AUSTIN, Texas — NASA for the first time has released images from the high-tech $10 billion James Webb Space Telescope, capturing the universe.
"They were jaw-dropping," said associate professor of astronomy at the University of Texas at Austin Steven Finkelstein. "The deep-image galaxy cluster and the images we saw today of the stellar birth and stellar death, more galaxies and the exoplanet spectrum, Webb seems to be delivering better than promised."
He said the James Webb telescope that launched six months ago brings amazing clarity to images compared to the Hubble Telescope.
"What used to be kind of a blurry streak, you can see stretched-out spiral arms," he said. "You can see a string of star clusters in the galaxy. The resolution is amazing."
Finkelstein is part of an early science program working with the telescope.
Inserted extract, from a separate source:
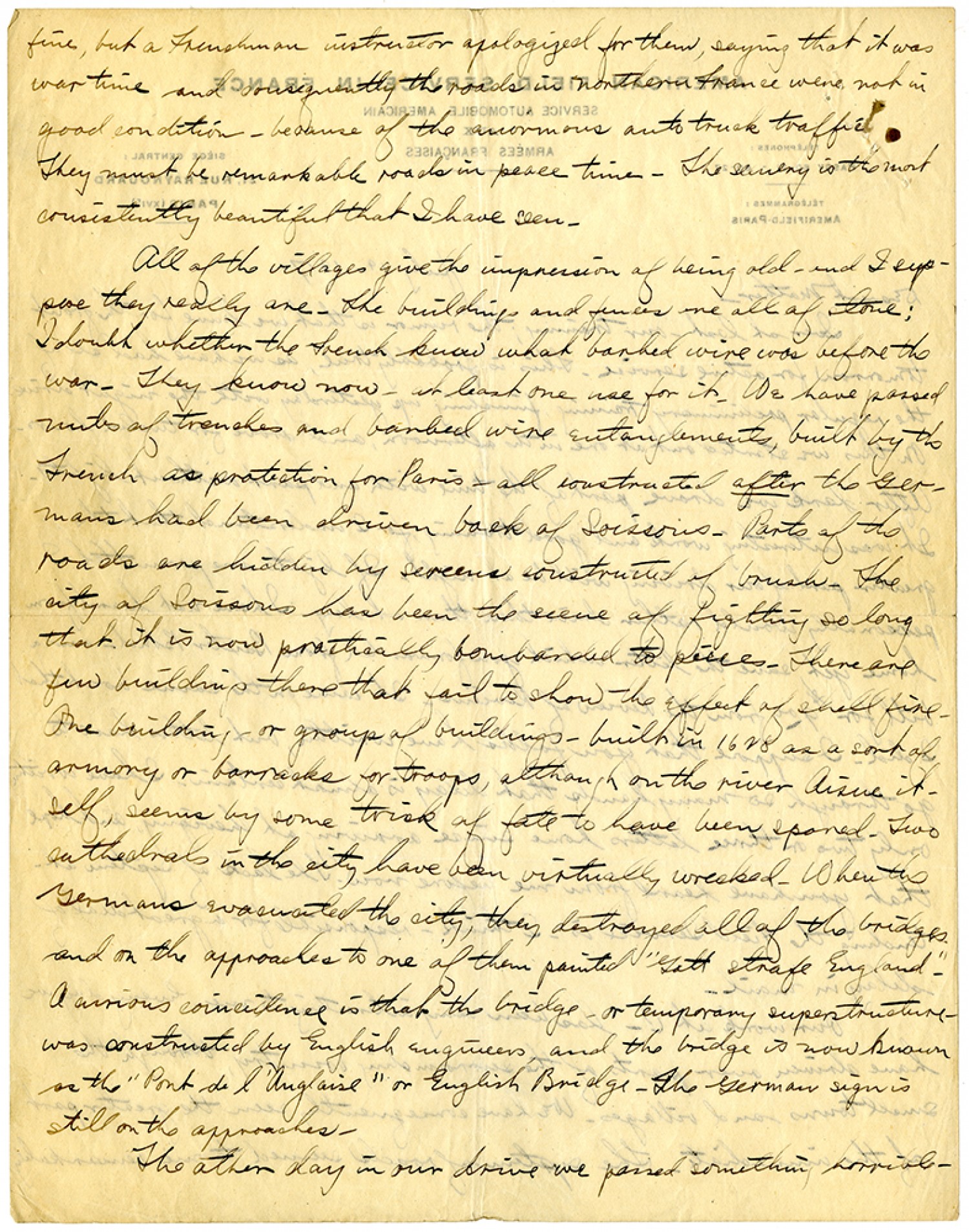 fine, but a Frenchman instructor apologized for them, saying that it was war time and consequently the roads in Northern France were not in good condition - because of the enormous auto truck traffic. They must be remarkable roads in peace time. The scenery is the most consistently beautiful that I have seen. All of the villages give the impression of being old - and I suppose they really are. The buildings and fences are all of stone; I doubt whether the French know what barbed wire was before the war. They know now - at least the use for it. We have passed miles of trenches and barbed wire entanglements, built by the French as protection for Paris - all constructed after the Germans had been driven back of Soissons. Parts of the roads are hidden by screens constructed of brush. The city of Soissons has been the scene of fighting so long that it is now practically bombarded to pieces. There are few buildings there that fail to show the effect of shell fire. One building - or group of buildings - built in 1620 as a sort of armory or barracks for troops, although on the river Aisne itself, seems by trisk of fate to have been spared. Two cathedrals in the city have been virtually wrecked. When the Germans evacuated the city, they destroyed all of the bridges, and on the approaches to one of them painted "Gott strafe England". A curious coincidence is that the bridge - or temporary superstructure - was constructed by English engineers and the bridge is now known as the "Port de l'Anglaise" or English Bridge. The German sign is still on the approaches. The other day in our drive we passed something horrible -

The team he's on is composed of astronomers at UT, around the country and the world.
"The most exciting one we work on here in Austin is searching for the earliest galaxies to form in the universe," he said. "These galaxies are too faint and too red to see with the Hubble Telescope, so we need the large mirror size of JWST and the redder wavelengths it's capable of to really see them."
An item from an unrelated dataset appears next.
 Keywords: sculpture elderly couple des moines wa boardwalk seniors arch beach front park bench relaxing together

Some of the images and data from the program he's involved in are expected to be released this week.
"Hoping to see some fairly distance galaxies," said Finkelstein.
Finkelstein said the future is looking very bright for astronomy with this new tool.
"I am sure we are going to be learning out over the next decade-plus with this telescope, but knowledge gained over this first year is going to be amazing," he told KVUE.